[v3,3/3] btrfs: statfs: Use virtual chunk allocation to calculation available data space

Although btrfs_calc_avail_data_space() is trying to do an estimation
on how many data chunks it can allocate, the estimation is far from
perfect:

- Metadata over-commit is not considered at all
- Chunk allocation doesn't take RAID5/6 into consideration

Although current per-profile available space itself is not able to
handle metadata over-commit itself, the virtual chunk infrastructure can
be re-used to address above problems.

This patch will change btrfs_calc_avail_data_space() to do the following
things:
- Do metadata virtual chunk allocation first
  This is to address the over-commit behavior.
  If current metadata chunks have enough free space, we can completely
  skip this step.

- Allocate data virtual chunks as many as possible
  Just like what we did in per-profile available space estimation.
  Here we only need to calculate one profile, since statfs() call is
  a relative cold path.

Now statfs() should be able to report near perfect estimation on
available data space, and can handle RAID5/6 better.

[BENCHMARK]
For the performance difference, here is the benchmark:
 Disk layout:
 - devid 1:	1G
 - devid 2:	2G
 - devid 3:	3G
 - devid 4:	4G
 - devid 5:	5G
 metadata:	RAID1
 data:		RAID5

 This layout should be the worst case for RAID5, as it can
 from 5 disks raid5 to 2 disks raid 5 with unusable space.

 Then use ftrace to trace the execution time of btrfs_statfs() after
 allocating 1G data chunk.

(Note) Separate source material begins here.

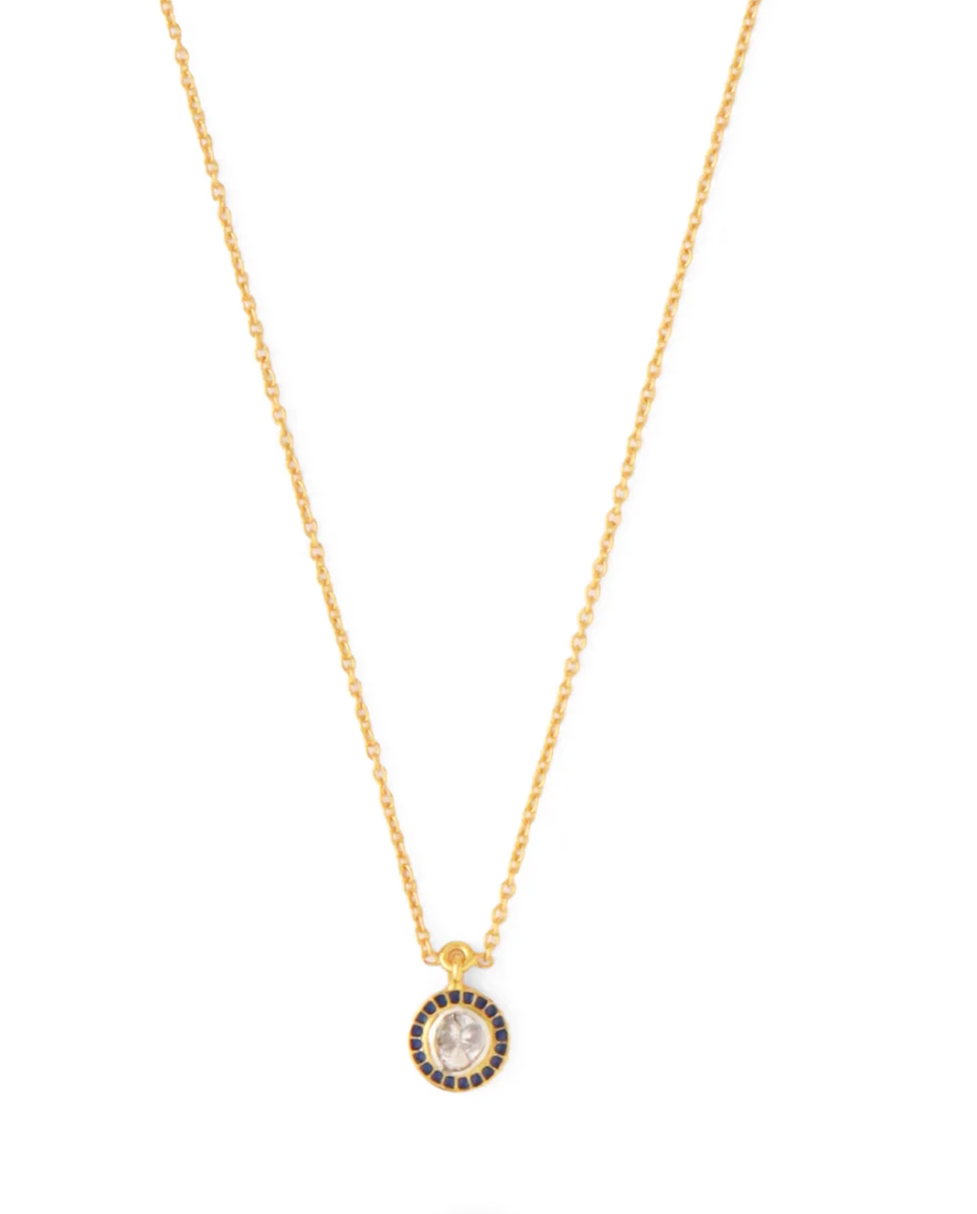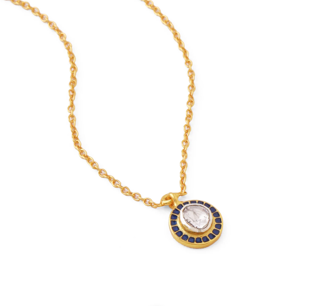 Chaîne de cou avec pendentif en diamant Polki, orné de détails en émail artisanal bleu foncé.

Both have 12 samples.
				avg		std
 Patched:			17.59 us	7.04
 WIthout patch (v5.5-rc2):	14.98 us	6.16

When the fs is cold, there is a small performance for this particular
case, as we need to do several more iterations to calculate correct
RAID5 data space.
But it's still pretty good, and won't block chunk allocator for any
observable time.

When the fs is hot, the performance bottleneck is the chunk_mutex, where
the most common and longest holder would be __btrfs_chunk_alloc().
In that case, we may sleep much longer as __btrfs_chunk_alloc() can
trigger IO.

Since the new implementation is not observable slower than the old one,
and won't cause meaningful delay for chunk allocator, it should be more
or less OK.

Signed-off-by: Qu Wenruo <wqu@suse.com>
---
 fs/btrfs/super.c   | 190 ++++++++++++++++-----------------------------
 fs/btrfs/volumes.c |  12 +--
 fs/btrfs/volumes.h |   4 +
 3 files changed, 79 insertions(+), 127 deletions(-)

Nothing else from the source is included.